Docker Installation Guide

Learn how to install and use the JupyterLab Mount Extension with Pachyderm using a Docker image.

December 5, 2022

☠️

The JupyterLab Mount Extension is an experimental feature. We hope you’ll try it out (and work with us to improve it! Get in touch), but it’s not ready for self-service usage in production, as it may make sudden, breaking changes.

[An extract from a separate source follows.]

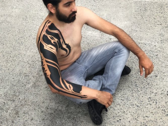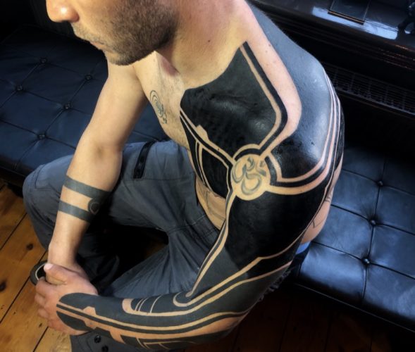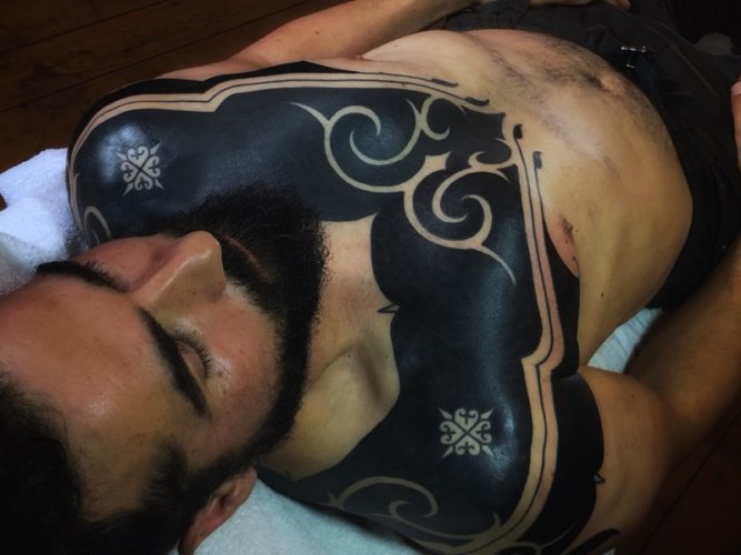 Below is an excerpt from Richard’s account of getting his Blackwork bodysuit from me. A project spanning over years, it’s been illuminating to see Richard continue to grow and evolve.

Install to Existing Docker Image #

You can choose between Pachyderm’s pre-built image (a custom version of jupyter/scipy-notebook) or add the extension to your own image. Pachyderm’s image includes:

  • The extension jupyterlab-pachyderm
  • FUSE
  • A pre-created /pfs directory that mounts to and grants ownership to the JupyterLab User
  • A mount-server binary

Option 1: Pre-Built Image #

  1. Open your terminal.
  2. Run the following:
docker run -it -p 8888:8888 -e GRANT_SUDO=yes --user root --device /dev/fuse --privileged --entrypoint /opt/conda/bin/jupyter pachyderm/notebooks-user:2.4.1  lab --allow-root
  1. Open the UI using the link provided in the terminal following:
Jupyter Server [...] is running at:
  1. Navigate to the connection tab. You will need to provide a link formatted like the following:
grpc://<cluster-ip>:<port>
  1. Open another terminal and run the following to get the IP address and port number:
kubectl get services | grep -w "pachd "
  1. Find the servic/pachd line item and copy the IP address and first port number.
   NAME                          TYPE           CLUSTER-IP       EXTERNAL-IP   PORT
   pachd                         ClusterIP      10.106.225.116   <none>        30650/TCP,30657/TCP,30658/TCP,30600/TCP,30656/TCP
  1. Input the full connection URL (grpc://10.106.225.116:30650).
  2. Navigate to the Launcher view in Jupyter and select Terminal.
  3. Input the following command:
pachctl version
  1. If you see a pachctl and pachd version, you are good to go.

Option 2: Custom Dockerfile #

Replace the following ${PACHCTL_VERSION} with the version of pachctl that matches your cluster’s, and update <version> with the release number of the extension.

You can find the latest available version of our Pachyderm Mount Extension in PyPi.

# This runs the following section as root; if adding to an existing Dockerfile, set the user back to whatever you need. 
USER root

# This is the directory files will be mounted to, mirroring how pipelines are run. 
RUN mkdir -p /pfs 

# If you are not using "jovyan" as your notebook user, replace the user here. 
RUN chown $NB_USER /pfs

# Fuse is a requirement for the mount extension 
RUN apt-get clean && RUN apt-get update && apt-get -y install curl fuse 

# Install the mount-server binary
RUN curl -f -o mount-server.deb -L https://github.com/pachyderm/pachyderm/releases/download/v${PACHCTL_VERSION}/mount-server_${PACHCTL_VERSION}_amd64.deb
RUN dpkg -i mount-server.deb

# Optionally Install Pachctl - Set the version of Pachctl that matches your cluster deployment. 
RUN curl -f -o pachctl.deb -L https://github.com/pachyderm/pachyderm/releases/download/v${PACHCTL_VERSION}/pachctl_${PACHCTL_VERSION}_amd64.deb 
RUN dpkg -i pachctl.deb

# This sets the user back to the notebook user account (i.e., Jovyan) 
USER $NB_UID

# Replace the version here with the version of the extension you would like to install from https://pypi.org/project/jupyterlab-pachyderm/ 
RUN pip install jupyterlab-pachyderm==<version> 

Then, build, tag, and push your image.